= 1991 in motoring =

1991 in motoring includes developments in the automotive industry that occurred throughout the year 1991 by various automobile manufacturers, grouped by country. The automotive industry designs, develops, manufactures, markets, and sells motor vehicles.

==United Kingdom==
The Vauxhall Astra was redesigned with the third-generation model in October 1991, seven years after the launch of the second generation model. It was available in 1.4, 1.6, 1.8 and 2.0 petrol engines as well as a 1.7 diesel (turbo or non-turbo). The 2.0 version came with 8-valve for the 2.0i CD and 2.0 SRi, while the 16-valve version came in the 130 mph+ GSi. All models got fuel injection as standard, as Britain prepared for the legislation which outlawed the sale of carburettor-engined cars after 1992.Also, parent brand Opel adopted the Astra name for the new car in Europe, ending the use of the long-running Kadett nameplate. In November, Vauxhall launched a new, small four-wheel-drive model, the Frontera which was offered as 3-door Sport or 5-door versions with a choice of a 2.4 petrol or a 2.3 diesel engine and was manufactured at its Luton plant.

The Ford Motor Company introduced a Cosworth version of the Granada Scorpio and Escort, as well as the new generation Escort XR3i. It has also revived the RS2000 nameplate for the Escort range, with a new 2.0 16-valve Zetec model that was capable of more than 130 mph. There was also a new estate version of the Granada Scorpio which launched in early 1992.

Rover updated its 800 Series executive model in November which now had a top speed of 135 mph on the turbocharged 2.0 Vitesse model. It also dropped the MG badge from faster versions of the Maestro and Montego models, which were now largely sold as budget offerings alongside the 200 and 400, but the MG badge was brought back for sale in 1992 on a remodelled, limited-edition version of the MG B.

==France==
Peugeot launched a new entry-level model in November 1991 - the 106 - to slot into the range below the 205. With 1.1 and 1.4 petrol engines as well as a 1.5 diesel, the 106 was initially sold as only a three-door model. It was sold as a cheaper, more modern, though slightly smaller, alternative to the larger 205. Although the 205 was to continue for a few more years, the 309 would be replaced by 1993 with a new hatchback to be called the 306.

Citroën reentered the small family car market with its new ZX in March, launching in the UK in May which was the first of two replacements for the slightly larger BX. It comes with 1.4, 1.6 and 2.0 petrol engines and 1.9 diesels (turbo or non-turbo).
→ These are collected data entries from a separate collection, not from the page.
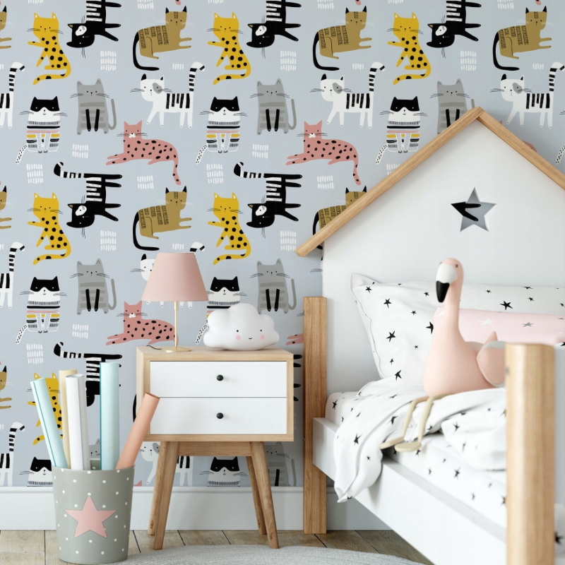 Seinatapeet AMAZED CATS, vanaroosa-sinepikollane ja hall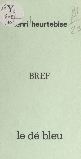 « Histoire. Tout à loisir, la vie sur la terre des terres, pleine pluie plein soleil pleins bras, eau de soleil, enfance. » Dans la collection "Le dé bleu", Henri Heurtebise, originaire du Lot-et-Garonne, fondateur de la revue "Multiples", nous livre ici 13 de ses poèmes, parus en 1976.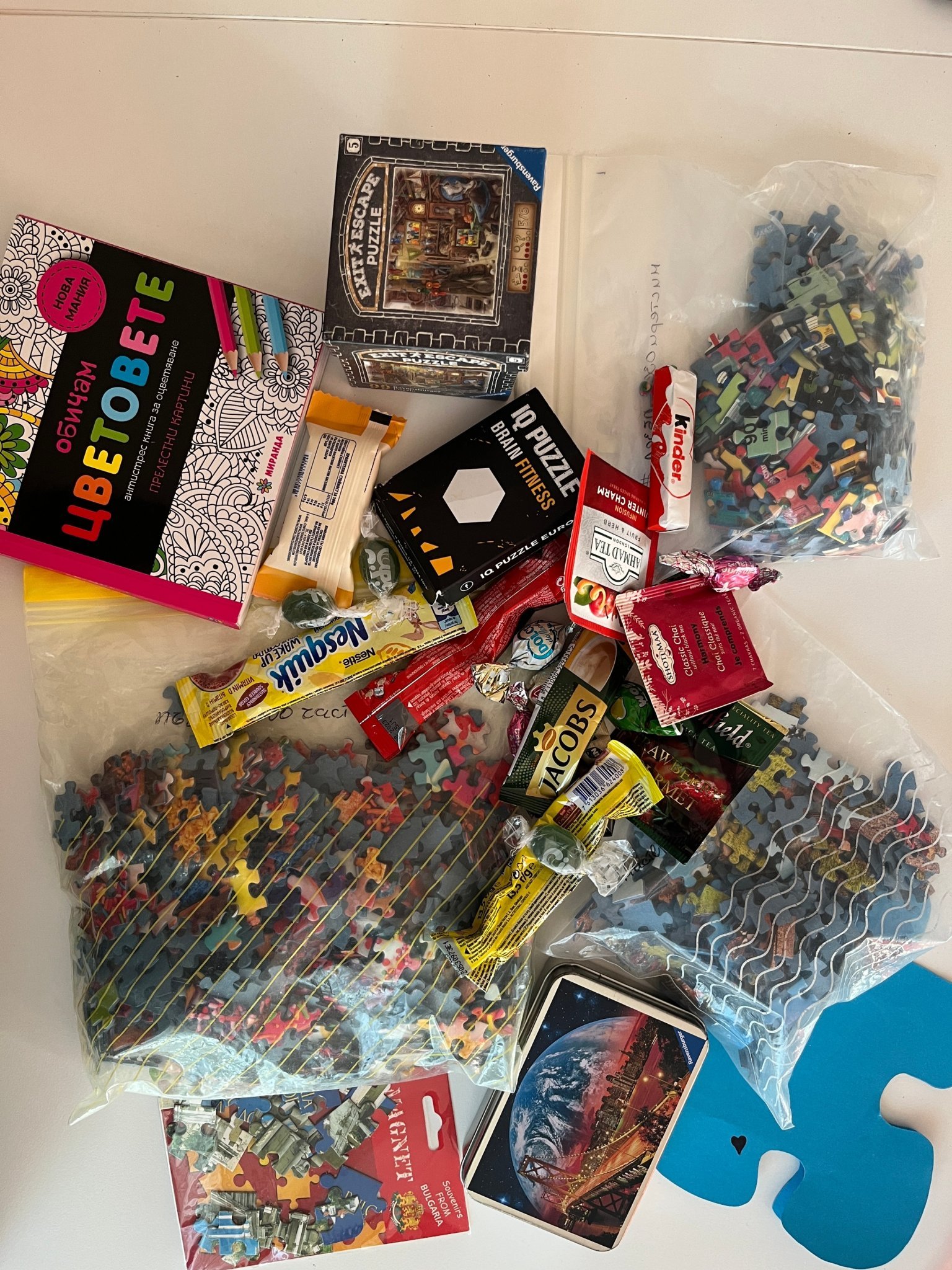 Другите неща бяха такива, които съм намерила вкъщи Joy Равенсбургера със супер миниатюрните части и IQ пъзелчето, което е голяма главоблъсканица.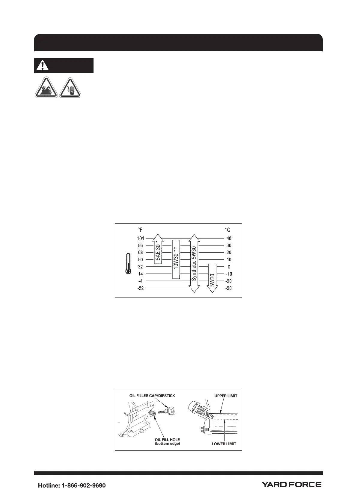 • Above 80°F (27°C) the use of 10w30 may cause increased oil consumption. Check oil level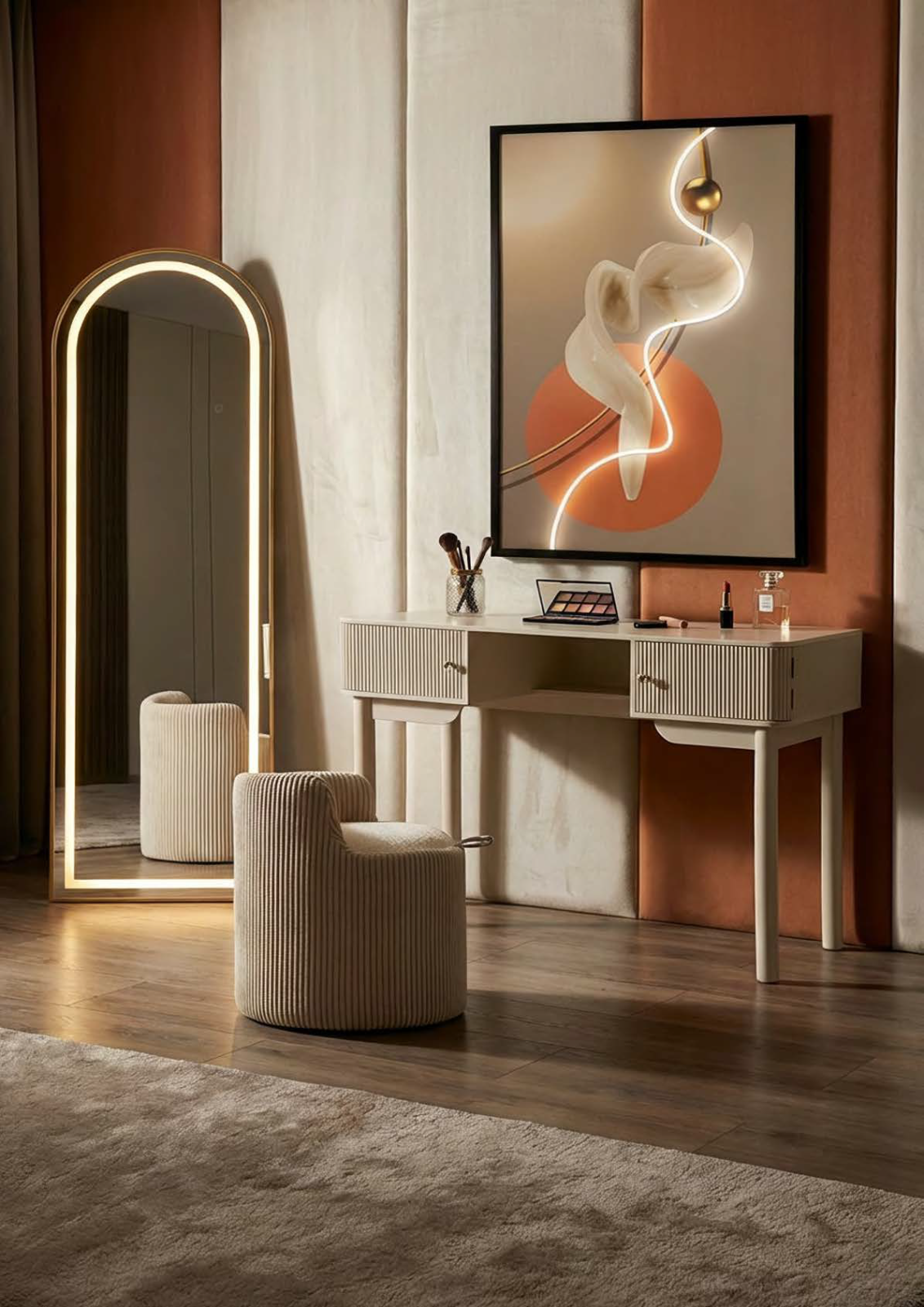 Paleta cromatica in tonuri calde si neutre, completata de detalii moderne, transforma tabloul intr-un element decorativ statement, potrivit pentru livinguri contemporane, birouri elegante sau spatii HoReCa cu design actual. Jocul dintre lumina si formele sinuoase creeaza dinamism si un aer rafinat.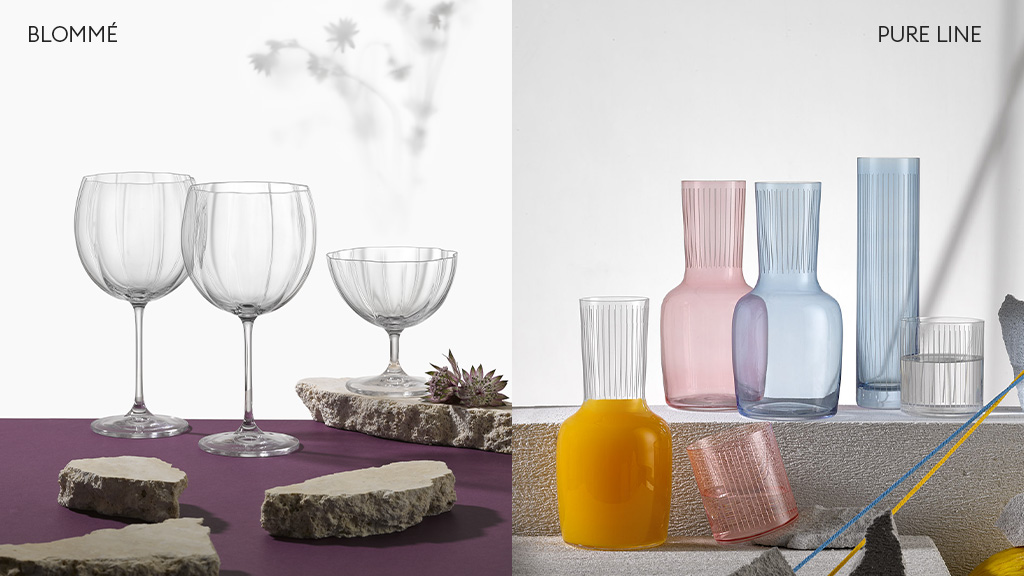 Vstoupíte do prostoru, kde se protiklady setkají v harmonii. Pure Line promluví čistým vertikálním řezem – oslavou přesnosti, ticha a tvaru. Blommé rozkvete v měkkých liniích – povypráví o křehké síle přírody a emocích zachycených ve skle. Dohromady vytvoří choreografii světla a formy – minimalistickou i poetickou, strukturovanou i měkkou.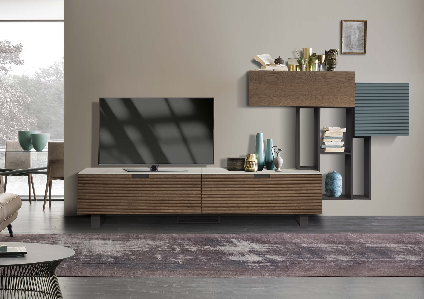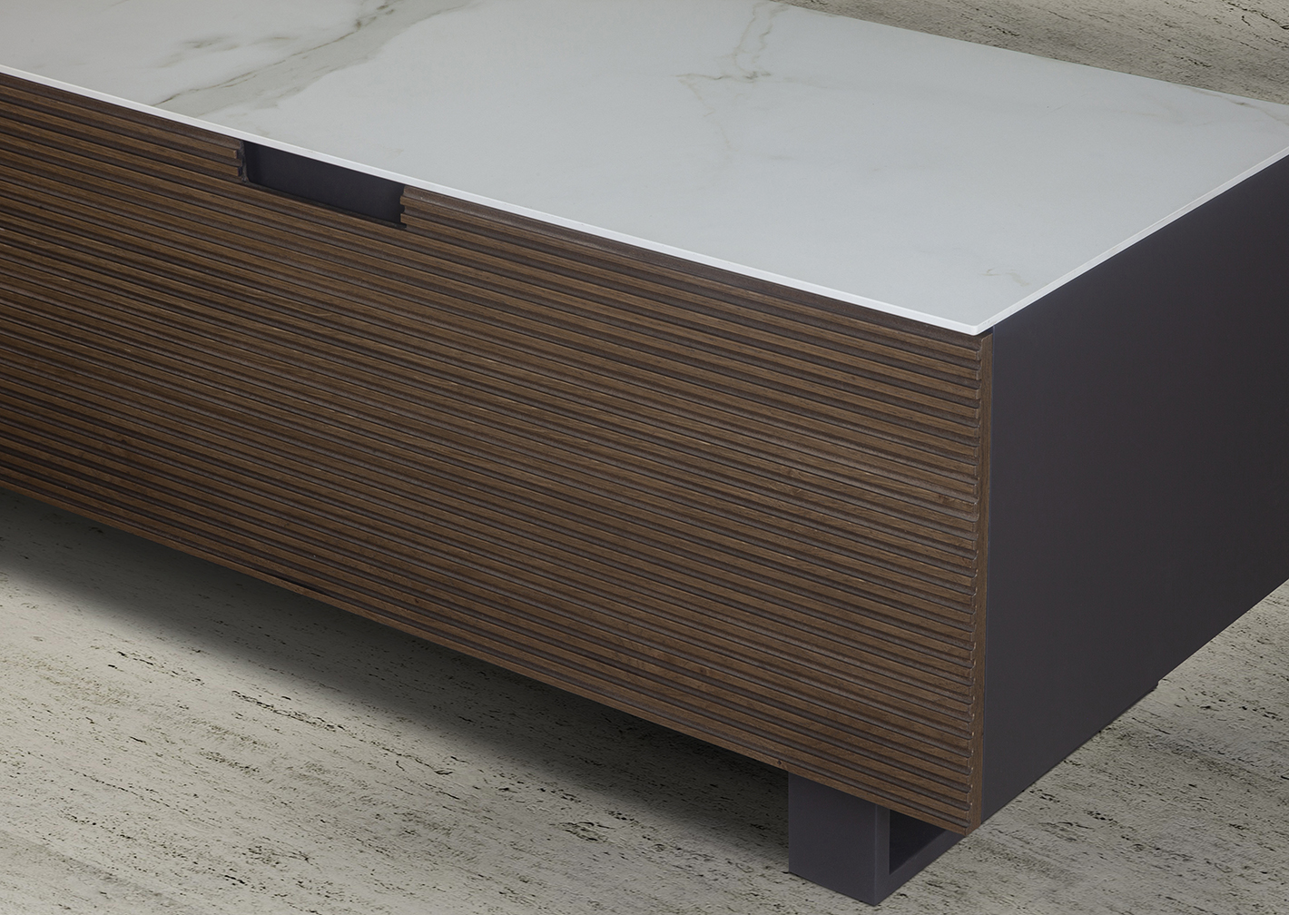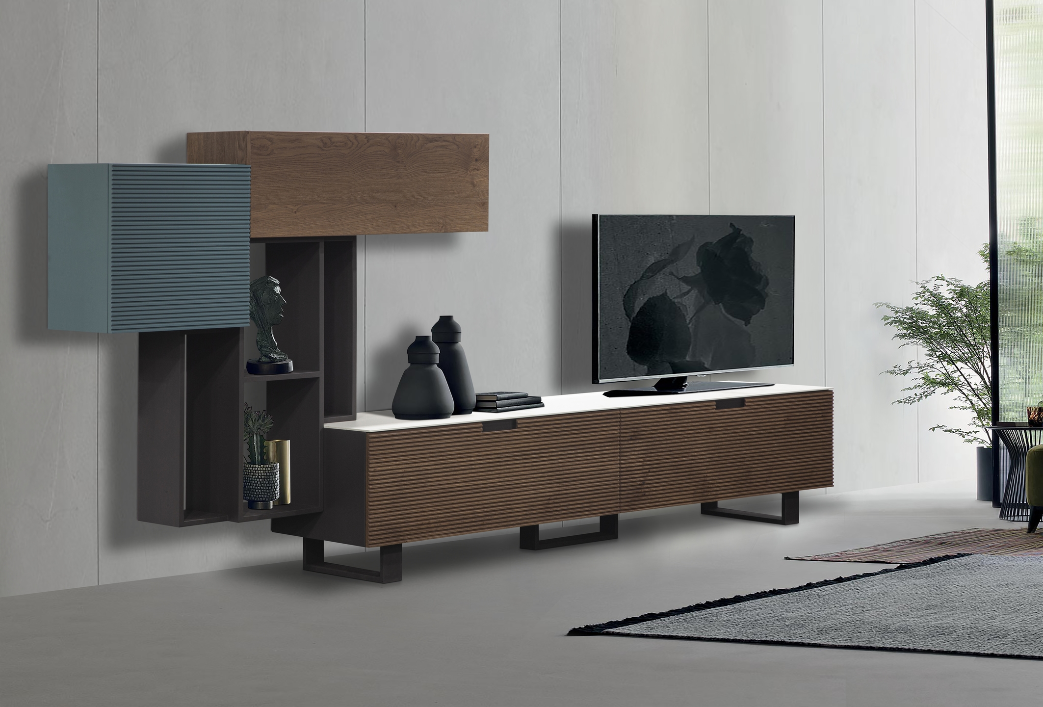 Η σύνθεση Scratch είναι ένα ιδιαίτερο έπιπλο τηλεόρασης με χαμηλό ύψος και υλικά υψηλής ποιότητας που εντυπωσιάζουν! Κεραμικό, ξύλο δρυς και γκοφρέ λάκα συνδυάζονται με ένα αποτέλεσμα ιδιαίτερα φινιρισμένο!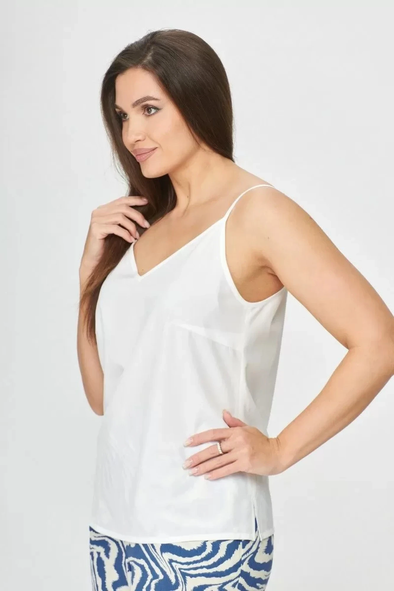 Этот топ выполнен из эластичной блузочной ткани, которая легко дышит и охлаждает, что делает его комфортным для жаркой погоды. Срезы горловины и проймы мягко окантованы, что придает топу нежный вид и обеспечивает дополнительный комфорт.

Renault launched its new Clio supermini in the UK in March. The range was expanded with the launch of a 1.8 16-valve hot hatch that was capable of 126 mph as the successor to the discontinued R5 Turbo. The second-generation Espace people carrier launched and received a V6 engine for the first time, while there was also a minor redesign of the R19 small family hatchback and saloon.

==Italy==
Alfa Romeo gave a facelift to its 33 entry-level model, which had been on sale since 1983.

==Japan==
Nissan launched the Sunny which was available as a three-door hatchback, five-door liftback and five-door estate. The Sunny's chassis also formed the basis of the 100NX coupe. A replacement for the long-running Micra was planned for the following year, joining the Primera at the Sunderland plant.

Honda launched a new version of its Civic family car. The new range includes a three-door hatchback and four-door saloon, and a five-door version of the Rover-based Concerto, which had been on sale for two years. Meanwhile, the current Accord was the year's best selling car in the United States.

==Germany==
Volkswagen launched the MK3 Golf in August 1991, although UK sales would not start until February 1992. The new model was voted European Car of the Year. The Golf GTI was available as only a 1.8 16-valve, which is capable of 125 mph. The Golf VR6 was launched, a 2.8 engined hatchback capable of 140 mph.

Audi redesigned its 80 and 100 ranges. A new cabriolet version of the 80 also went on sale.